#### Activity
What you should give back is a precise copy of the lines below from the one containing "Однокомнатная квартира №310" through the one containing "根据游戏个人媒体 Nate the", with no pictures.

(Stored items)
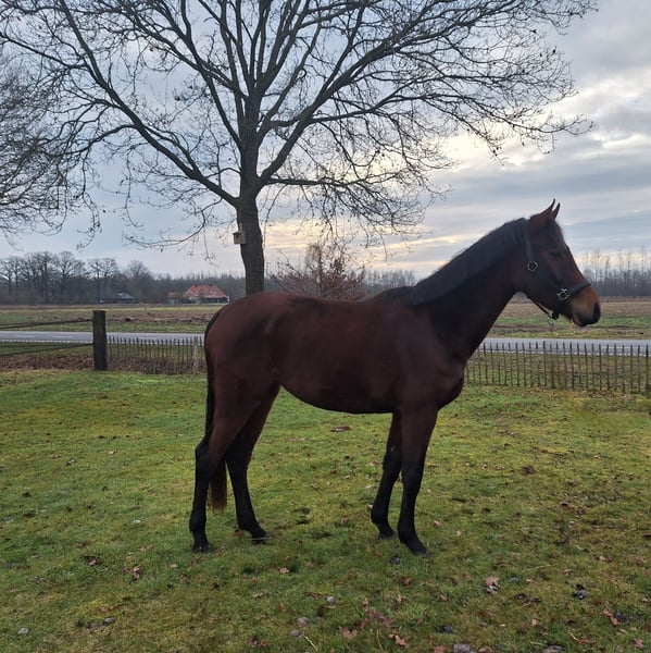 Toekomstige dressuur topper🤩 (Bijna) 3 jarige merrie van Novian x Jazz. Rond de 1,57 is nog in de groei(deze lijn geeft laat bloeiers 😊) * Kent vast staan en vind het heerlijk om gepoetst te worden. * braaf bij de hoefsmid en tandarts. * Nuchter van karakter. * Kent de beginselen van het longeerwerk en vind dit leuk om te doen. * sociaal met andere paarden. * geen stal gebreken. * keuren k.k Filmpje op aanvraag.
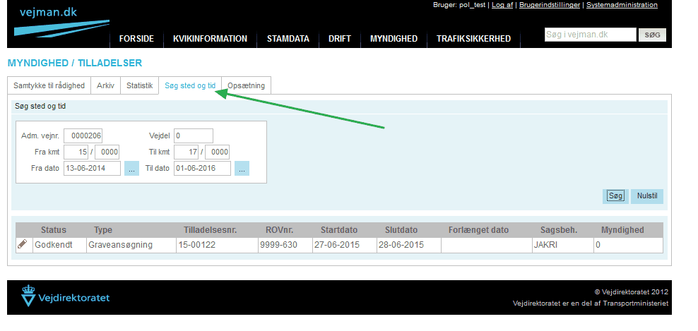 Søgning efter tilladelser på en specifik vej og et specifikt tidspunkt
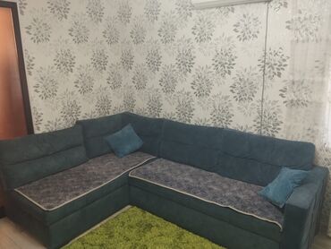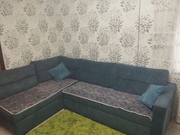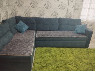 Mavi rəngli L formalı yumşaq künc divan - Parça: yumşaq, toxumalı məxmərə bənzər örtük, dərin mavi rəng - Forma: L şəklində künc divan, sağ-sol istiqamətdə küncə uyğun yerləşdirilə bilir - Oturaca...
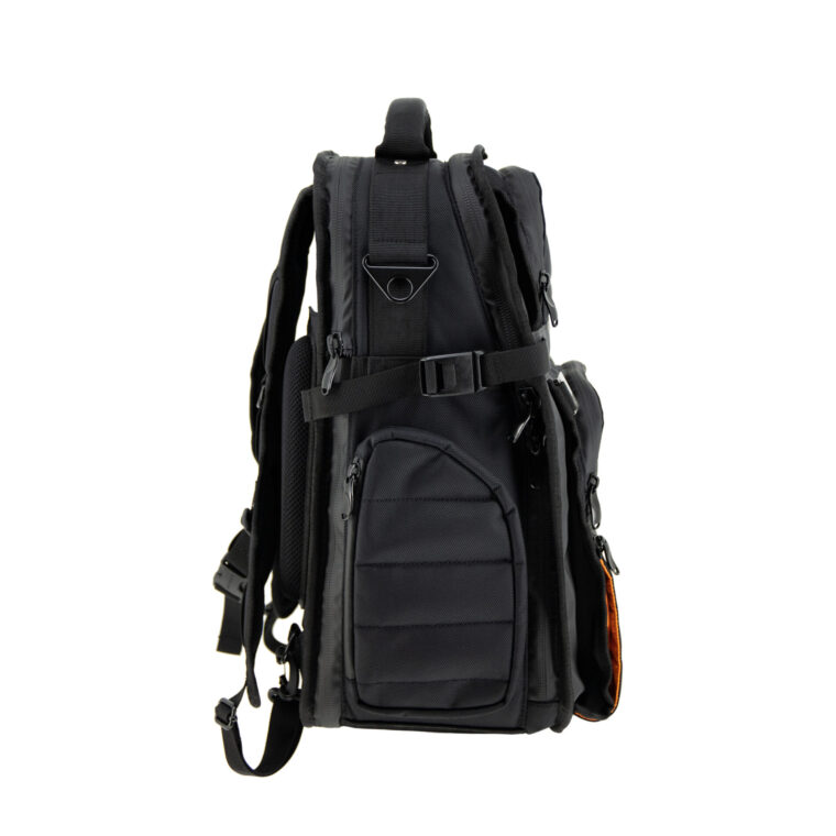 Sharkskinも優れた素材ですが、FlyBy Ultraにはさらに画期的な「1680Dバリスティックナイロン」を採用しました。耐水性に優れ、極めて頑丈で、なおかつ100%アニマルフリー。この素材こそ、FlyBy Ultraに最適な選択肢です。さらに、一部の外装パネルにはリフレクタートリムを施し、アンダーグラウンドなギグや深夜の移動でも頼れる相棒となるデザインに仕上げました。
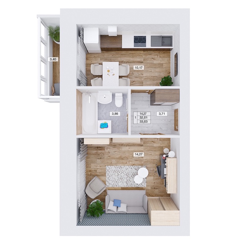 Однокомнатная квартира №310
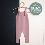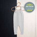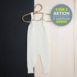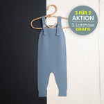 Lange Nutzungszeit: Dank der Doppelgrößen, des elastischen, weichen Stricks und einem raffinierten Schnitt wachsen Latzhose und Mütze über mindestens 2-3 Größen mit.
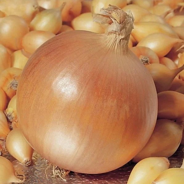 Лук севок Голиат - среднепоздний сорт озимого лука. Период созревания составляет 105-115 дней. Растение очень мощное, с хорошо развитым, крупным листовым аппаратом. Лук Голиат формирует луковицы округло-удлиненной формы, большие по размеру, весом 150-180 г, плотные, с чешуей золотистого цвета. Мякоть белого цвета, сочная с приятным острым вкусом. Сорт без проблем сохраняется до весны, не подвержен гниению.
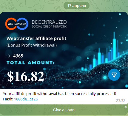 Butcher139 Posted 11 Apr 2025, 14:15 Author Posted 11 Apr 2025, 14:15 🌟 Какой доход Вы получаете за приглашение новых партнёров в Webtransfer? 🌟 💼 Бонус за регистрацию: При регистрации на платформе вы получаете моментальный бонус в размере $50! 🎉 🤝 Бонус за приглашение новых партнёров: Каждый новый партнёр в вашей сети (до 5 уровней глубины) также получает подарок — $50 на старт! (только тогда, когда привлеченные выдадут свои бонусы в займ) Это расширяет ваши возможности и делает вас частью мощного сообщества. 📈 💰 Ваш реферальный бонус: Как только приглашенный Вами партнер отправит в займ $50 бонусных. Вы получаете $50 вознаграждения. Чем больше людей вы привлечёте, тем больше возможностей для заработка! 🌍 📊 Дополнительный доход: Когда ваши младшие партнёры начнут использовать свои бонусные средства для выдачи займов, вы сможете заработать процент от их реальной прибыли: - 20% с первого уровня (ваши личные партнёры) - 10% со второго уровня (партнёры ваших партнёров) - 5% с третьего уровня (партнёры партнёров второго уровня) - 3% с четвёртого уровня (партнёры партнёров третьего уровня) - 3% с пятого уровня (партнёры партнёров четвёртого уровня) 🎯 В итоге: Вы и ваши партнёры получаете не только бонусы при регистрации, но и стабильный доход от успешных займов ваших рефералов. Присоединяйтесь к Webtransfer и начинайте зарабатывать уже сегодня! 💸✨
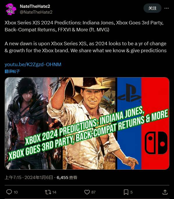 根据游戏个人媒体 Nate the Hate 在最新播客中的说法,一款“备受好评”的 Xbox 第一方游戏将会在 2024 年登陆“竞争对手”的平台。
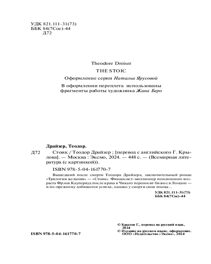 💳 Оплатить за товар можно при получении 🇰🇿 Есть бесплатная доставка по Казахстану от 1 дня 🎁 Копите бонусы с каждой покупки Серия: Всемирная литература (новое оформление) «Стоик» — третья, заключительная часть «трилогии желания» Теодора Драйзера, в основу которой положена история жизни американского миллионера Ч. Йеркса, сыгравшего значительную роль в разработке системы общественного транспорта в Чикаго и Лондонского метрополитена. Главный герой — Фрэнк Каупервуд — переносит деятельность в Лондон, решив заняться строительством линий метрополитена. Герой, как и прежде, бросается из одной схватки в другую, преодолевает серьезные препятствия, до конца жизни оставаясь на вершине финансового олимпа. |
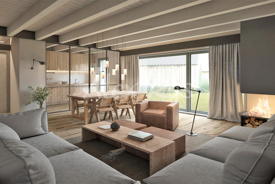 Salón comedor con chimenea y salida a jardín,
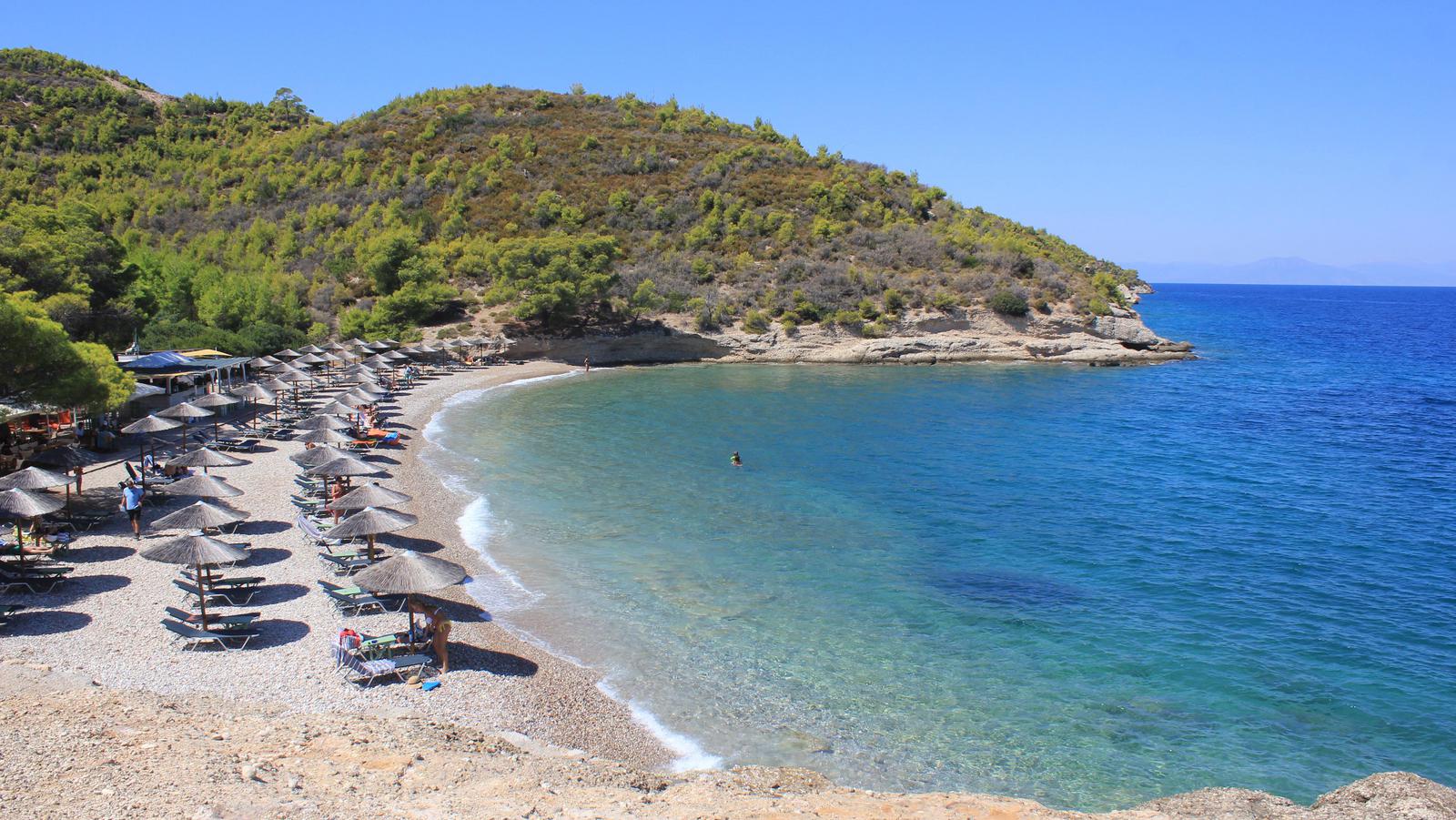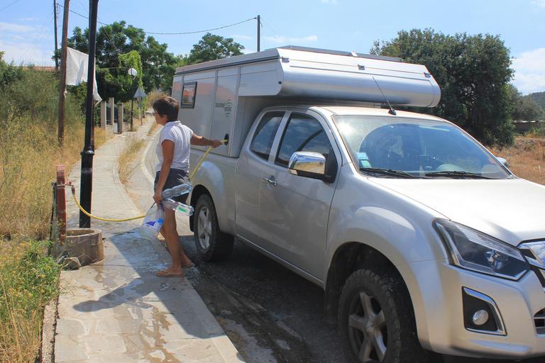Avant de rejoindre la presqu'île, nous faisons un petit crochet pour compléter notre plein d'eau à un robinet indiqué sur P4N, à la sortie de Taktikoupoli, puis descendons pique-niquer sur la grande plage en contrebas du village.

#### Reply to the exercise
 Однокомнатная квартира №310
 Lange Nutzungszeit: Dank der Doppelgrößen, des elastischen, weichen Stricks und einem raffinierten Schnitt wachsen Latzhose und Mütze über mindestens 2-3 Größen mit.
 Лук севок Голиат - среднепоздний сорт озимого лука. Период созревания составляет 105-115 дней. Растение очень мощное, с хорошо развитым, крупным листовым аппаратом. Лук Голиат формирует луковицы округло-удлиненной формы, большие по размеру, весом 150-180 г, плотные, с чешуей золотистого цвета. Мякоть белого цвета, сочная с приятным острым вкусом. Сорт без проблем сохраняется до весны, не подвержен гниению.
 Butcher139 Posted 11 Apr 2025, 14:15 Author Posted 11 Apr 2025, 14:15 🌟 Какой доход Вы получаете за приглашение новых партнёров в Webtransfer? 🌟 💼 Бонус за регистрацию: При регистрации на платформе вы получаете моментальный бонус в размере $50! 🎉 🤝 Бонус за приглашение новых партнёров: Каждый новый партнёр в вашей сети (до 5 уровней глубины) также получает подарок — $50 на старт! (только тогда, когда привлеченные выдадут свои бонусы в займ) Это расширяет ваши возможности и делает вас частью мощного сообщества. 📈 💰 Ваш реферальный бонус: Как только приглашенный Вами партнер отправит в займ $50 бонусных. Вы получаете $50 вознаграждения. Чем больше людей вы привлечёте, тем больше возможностей для заработка! 🌍 📊 Дополнительный доход: Когда ваши младшие партнёры начнут использовать свои бонусные средства для выдачи займов, вы сможете заработать процент от их реальной прибыли: - 20% с первого уровня (ваши личные партнёры) - 10% со второго уровня (партнёры ваших партнёров) - 5% с третьего уровня (партнёры партнёров второго уровня) - 3% с четвёртого уровня (партнёры партнёров третьего уровня) - 3% с пятого уровня (партнёры партнёров четвёртого уровня) 🎯 В итоге: Вы и ваши партнёры получаете не только бонусы при регистрации, но и стабильный доход от успешных займов ваших рефералов. Присоединяйтесь к Webtransfer и начинайте зарабатывать уже сегодня! 💸✨
 根据游戏个人媒体 Nate the Hate 在最新播客中的说法,一款“备受好评”的 Xbox 第一方游戏将会在 2024 年登陆“竞争对手”的平台。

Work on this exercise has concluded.